Needless to say, she liked what she saw.

A Convincing Elucidation

Cid swiveled his neck, relieving some of the pain in his restricted back muscles as Red Thirteen yakked on about some fascinating discovery of an Ancient on the outskirts of what was once Midgar, and what was now a devastated, practically deserted town—outside of a few brave squatters. A decayed community; at last, Cid thought. No one else had ever seen it that way, but, even though he was a recluse, Cid had traveled enough in youth to understand the networks of community and settlement there. Neo-Midgar, not fifty miles away, dominated the landscape just outside the mountain ranges. This was, not oddly enough, where the remaining Turks had decided to establish research facilities on the fundamental basis of learning how the ancients really died out, since no one believed the cockamamie out-of-Africa vicissitude that Sephiroth preached.

                Red Thirteen was, to say the least, amazed and respectfully gratified to see how patiently Cid had withstood his monologue. They were all gathered in the Highwind's conference room, Marlene occupying her time by making use of the pivoting capacities of a swivel chair. She released a little 'whee' sound and accidentally kicked Barrett's knee; he simply looked at her as if to say, 'please sit still honey'.

Barrett was, surely, an enigma. For a man with that much prowess he was sentimental and yet, at times, abrasive and undermining, yet unconditionally he loved that little pipsqueak of Dyne's as his own daughter.
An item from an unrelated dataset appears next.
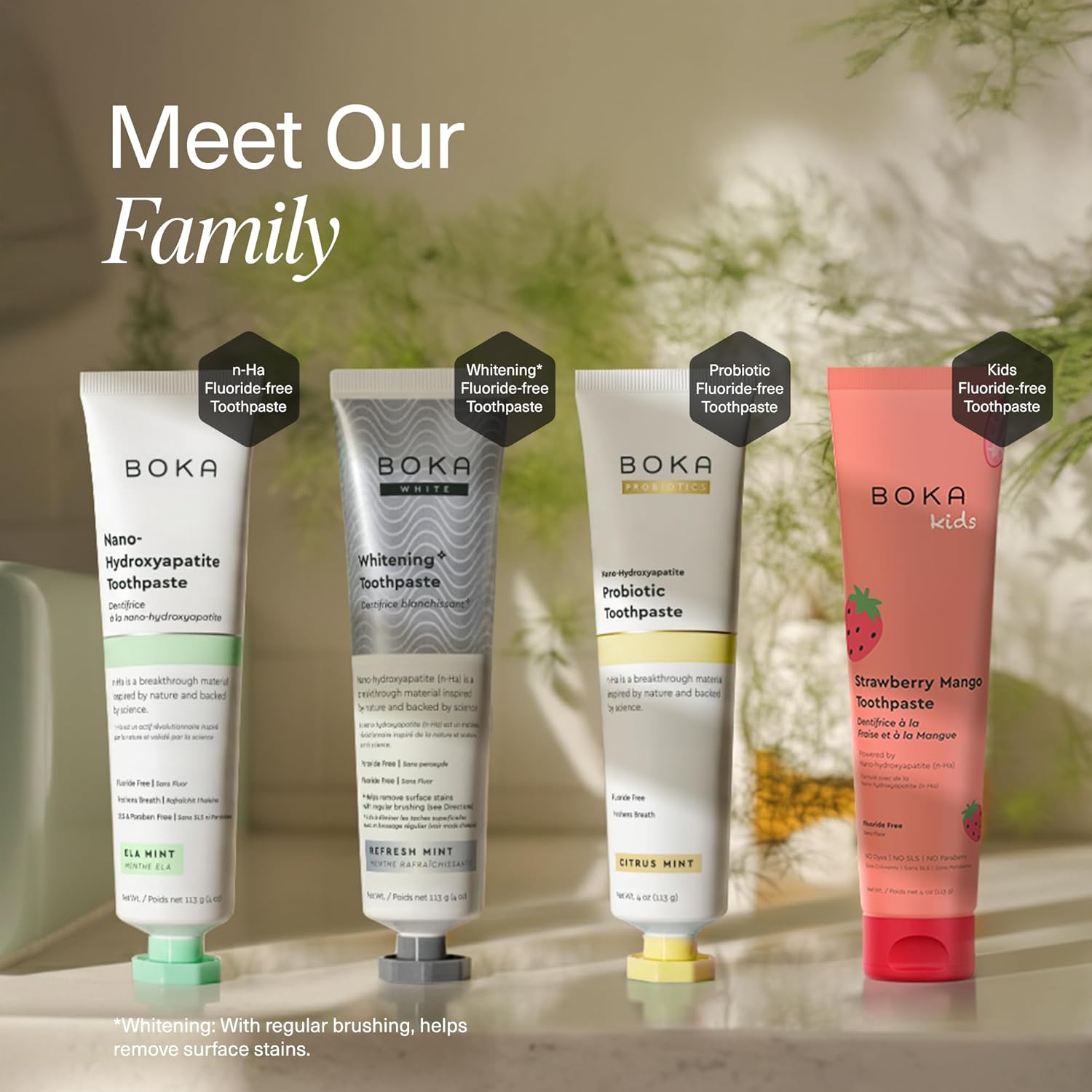 Boka Fluoride Free Toothpaste, Nano Hydroxyapatite Toothpaste, Appropriate for Sensitive Teeth – for Adult, Kids Oral Care – Ela Mint Flavor, 4 Fl Oz 1Pk US Manufactured

Virtually, by his nature alone, she was. This never seemed to register for Nanaki. His father, too, had been great, but also austere, a quality Barret had but to a lesser degree than what he remembered of his father. There never came to memory a time when he had laughed, or for that matter, any time when he showed emotion at all. But he loved Nanaki, deep inside, and to the so-called Red Thirteen, that was all that counted. Barrett, however, had taken time out of his severity to laugh and throw Marlene onto his shoulders. When I have offspring, Nanaki avowed, I should be like Barrett in this case.

"So, what's all the hubbub?" Cid asked, missing the subjunctive altogether. Nanaki sighed, and patiently reviewed the directive again.
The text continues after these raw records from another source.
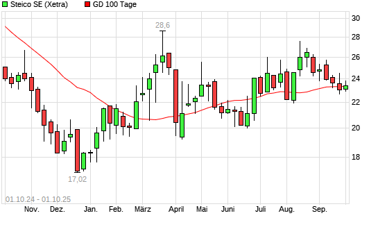 Mit dem Anstieg auf 23,50 EUR hat die Steico-Aktie am 30.09.2025 die 100-Tage-Linie nach oben gekreuzt.
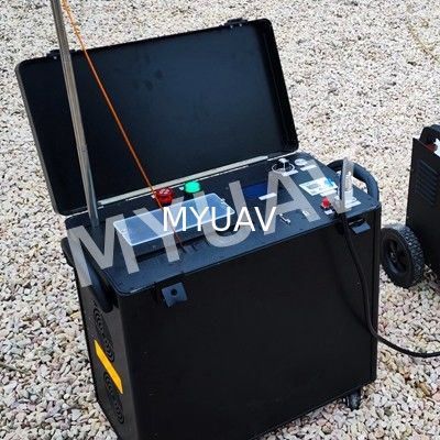 Station de drones attachée: hauteur de 100 m, poids de 20 kg, sortie en courant continu de 420 V, compensation automatique de tension
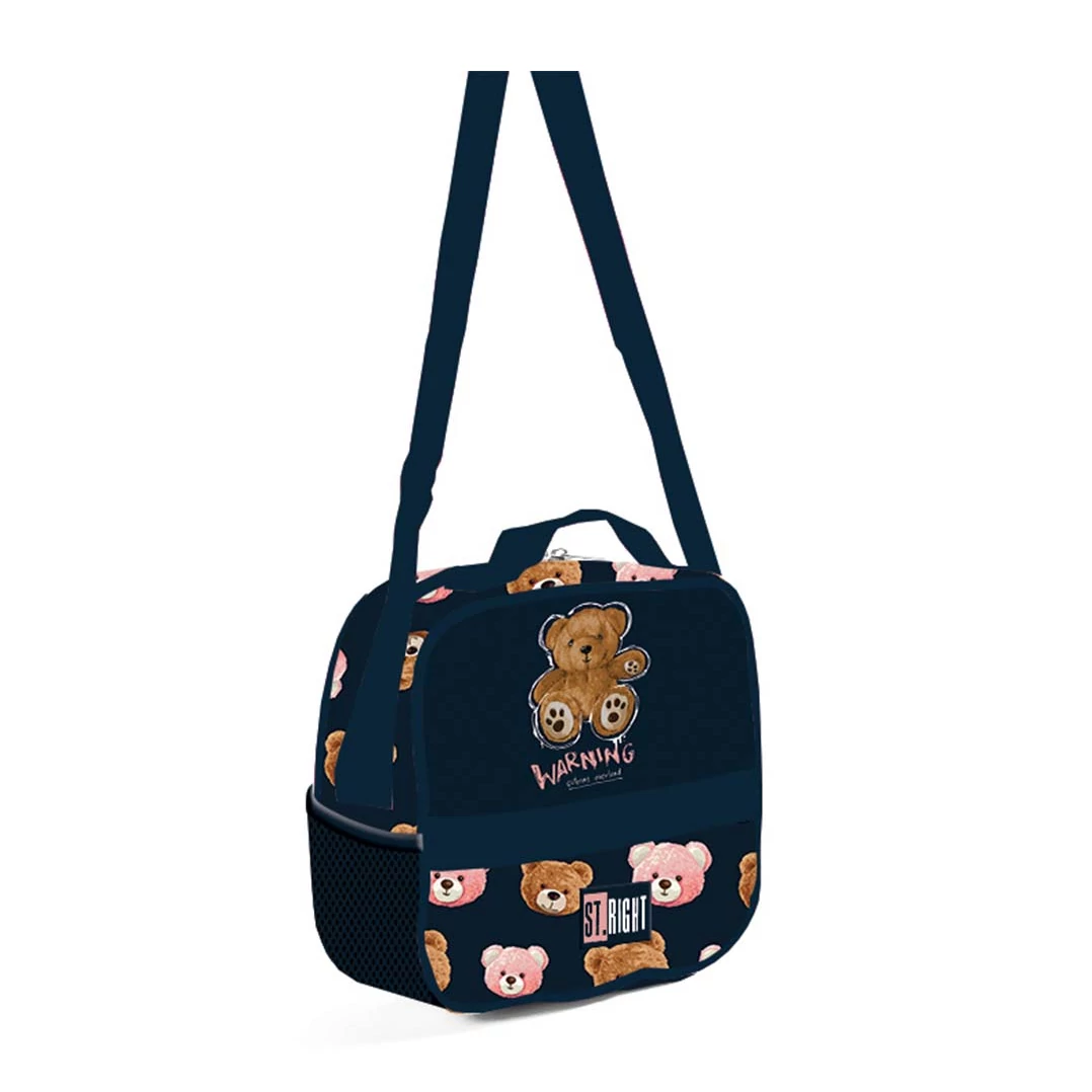 A St.Right Teddy Bear uzsonnástáska nemcsak praktikus, hanem egy aranyos és szerethető kiegészítő is a mindennapokra. A 22x11x21 cm-es méret tökéletes ahhoz, hogy gyermeked uzsonnáját, szendvicseit, gyümölcsét és italát biztonságosan és rendezett formában vihesse magával az iskolába vagy kirándulásra. A sötétkék alapon bájos macifejek és egy középen ülő maci figura díszíti a táskát, amit a „WARNING: Bear’s Special” felirat tesz még különlegesebbé. Ez a dizájn garantáltan elnyeri a gyerekek szívét, és mosolyt csal az arcukra minden nap.

"I think you are entitled to know about the findings, i.e., the fact that the ice where she was recovered predates the earliest known ancients—according to declassified Shinra documents. Professor Zinfandel will have to further the explanation when we get there." Barrett opened his mouth to speak, yet was cut off by the scruffy pilot in the denim windbreaker.
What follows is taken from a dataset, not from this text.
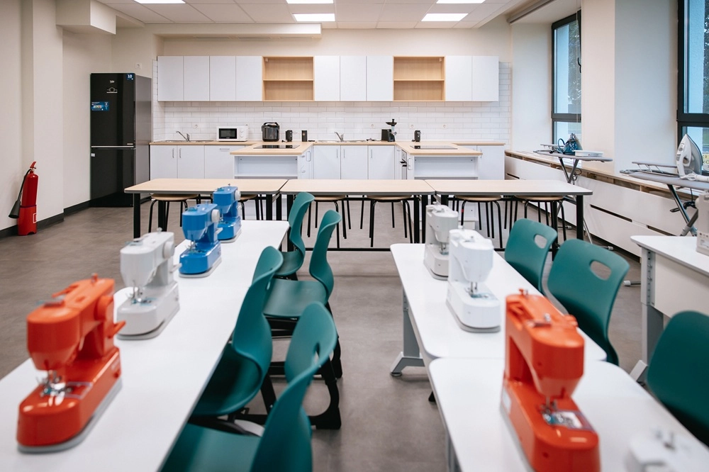 «Мы ушли от типовых предметных кабинетов и создаём два новых типа: универсальные и специализированные», — объясняет Иванцова. Библиотеки превратились в многофункциональные центры: там можно читать, проводить встречи, работать индивидуально или в группах. Входные группы стали комфортными для ожидания родителей. В рекреациях появились удобные подиумы для отдыха, а особая черта проекта — эксплуатируемые подоконники. «Это мечта многих школьников. Сегодня эта мечта реализована», — добавляет она.

"Wait, wait-wait—his name's Zinfandel?"

"I don't believe that this was really the subject…"

"But Zinfandel…what's his first name?"

"Err…Mickey." Red Thirteen emitted, somehow seeing guilt in the action. Cid smiled, like a child who has received a new toy to be malevolent with.

"Wait a minute! I don't like this at all! They've got doctors workin' on it?" Barrett hollered, (to Red Thirteen this was unsound) standing upright.

"Well, they are specialists you must understand. And they're all quite trustworthy…we're at least sure of that. In fact, Doctor Trenton rather opposed Hojo's research, and Doctor Sing-Sing was nearly assassinated on countless occasions…"

"I still don't know about this," Barrett sighed. Just as anticipated, dubiousness, that is, Red Thirteen sighed inwardly, rolling his eyes.

"I'll give you an hour to consider it."

"Heh. Heh. Heh. Mickey Zinfandel."

Reeve's Nexus

He never was the type to interject that, 'hey', which stood for, 'I belong here too'. He wasn't much the type to ask for help, or give it, but he had found a solution to his reclusive, neurotic behavior in that robot kitten/mog contraption, which he dubbed Cait Sith: fortuneteller and knower of all things wise. The controls sat in his lap. The radio signal was still quite strong, and they were so realistic looking…it was tempting, that's for sure. But he was going to have to hold on, wait, per se, in this faint yellow box until reality came in its form, looking at him in astonishment and distaste. No, he'd wait in this reception room for another forty-eight hours if he had to, and suffer the penetrating stare of the desk lady for some time longer, if he had to. They would come, and, although it wouldn't be a pleasant surprise, although the reunion would go along the lines of, '!!!! You?' or 'How in the--you set us up? !!!!' Ah, but that would be half the fun.

The desk lady came over in her beige skirt, tossing a magazine into his welcome lap.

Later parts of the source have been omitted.